John held the yellow jet over the plastic pail. William held the bottle over it and began to pour. He did so very slowly.
“Okay, stop,” John instructed and dipped a cotton swab into the excess liquid in the bottom of the pail. He rubbed the moistened end against the Lego jet, focusing on the cracks between bricks.
This went on for several minutes. John stared at the jet as he scrubbed the tiny cracks. Every now and then, he would have William pour some more. Both of them leaned into their work in anticipation. Eventually, John began to try and separate the bricks.
“No good,” he said after the first try. “Pour a little more.”
They repeated this process over and over for the better part of an hour. The only communication between them was that regarding their experiment. Soon, the entire bottle of nail polish remover had been emptied over the toy. John and William looked at each other, not knowing what to do next.

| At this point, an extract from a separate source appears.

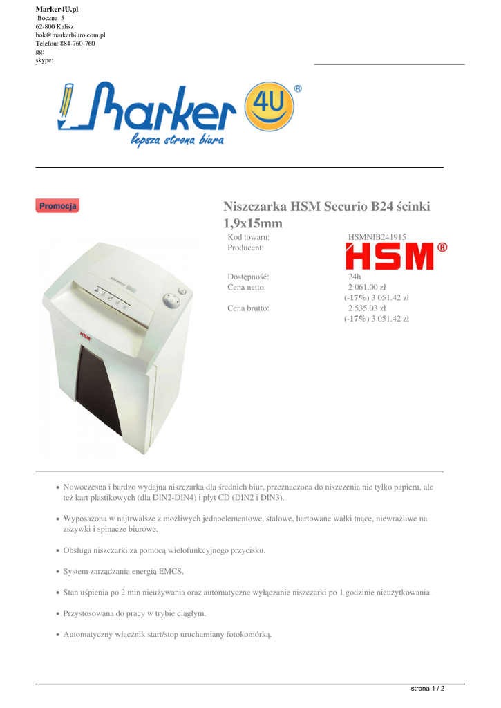 Marker4U.pl Boczna 5 62-800 Kalisz [email protected] Telefon: 884-760-760 gg: skype: Niszczarka HSM Securio B24 ścinki 1,9x15mm Kod towaru: Producent: HSMNIB241915 Dostępność: Cena netto: 24h 2 061.00 zł (-17%) 3 051.42 zł 2 535.03 zł (-17%) 3 051.42 zł Cena brutto: Nowoczesna i bardzo wydajna niszczarka dla średnich biur, przeznaczona do niszczenia nie tylko papieru, ale też kart plastikowych (dla DIN2-DIN4) i płyt CD (DIN2 i DIN3). Wyposażona w najtrwalsze z możliwych jednoelementowe, stalowe, hartowane wałki tnące, niewrażliwe na zszywki i spinacze biurowe. Obsługa niszczarki za pomocą wielofunkcyjnego przycisku. System zarządzania energią EMCS. Stan uśpienia po 2 min nieużywania oraz automatyczne wyłączanie niszczarki po 1 godzinie nieużytkowania. Przystosowana do pracy w trybie ciągłym. Automatyczny włącznik start/stop uruchamiany fotokomórką. strona 1 / 2 Marker4U.pl Boczna 5 62-800 Kalisz [email protected] Telefon: 884-760-760 gg: skype: Automatyczny rewers w przypadku zacięcia papieru. Automatyczny stop w momencie przepełnienia pojemnika z workiem na ścinki, obudowa zapobiegająca wydostawaniu się pyłu z niszczarki. Kółka ułatwiające przesuwanie urządzenia. Specjalny oddzielny kosz na niszczone płyty CD. Mocny i energooszczędny silnik z zabezpieczeniem przeciwprzeciążeniowym, cicha praca. Szerokość szczeliny wejściowej: 240 mm. Pojemność kosza na ścinki: 34 l. Produkt niemiecki. Gwarancja: 2 lata na urządzenie, dożywotnia na noże tnące. Liczba arkuszy: 11-13 kartek jednorazowo Cięcie: ścinki 1,9x15mm Poziom bezpieczeństwa DIN: 4 strona 2 / 2 Powered by TCPDF (www.tcpdf.org)

“Maybe it won’t work,” William said.
“It has to,” John whispered more to himself than to his son and rubbed the swab on the bricks some more.
“Come on, baby,” he said and closed his eyes as he pulled two different parts of the jet in different directions.
When the pieces came loose from each other, William cheered. John opened his eyes and smiled. He let the whole jet fall into the puddle of remover and insisted that William give him a high five. Then, they both got back to work, scrubbing at the sides of the Lego model with enormous smiles on their faces.
They worked for a while in near silence. There was the occasional giggle as they would look up at one another. Then it was back to work.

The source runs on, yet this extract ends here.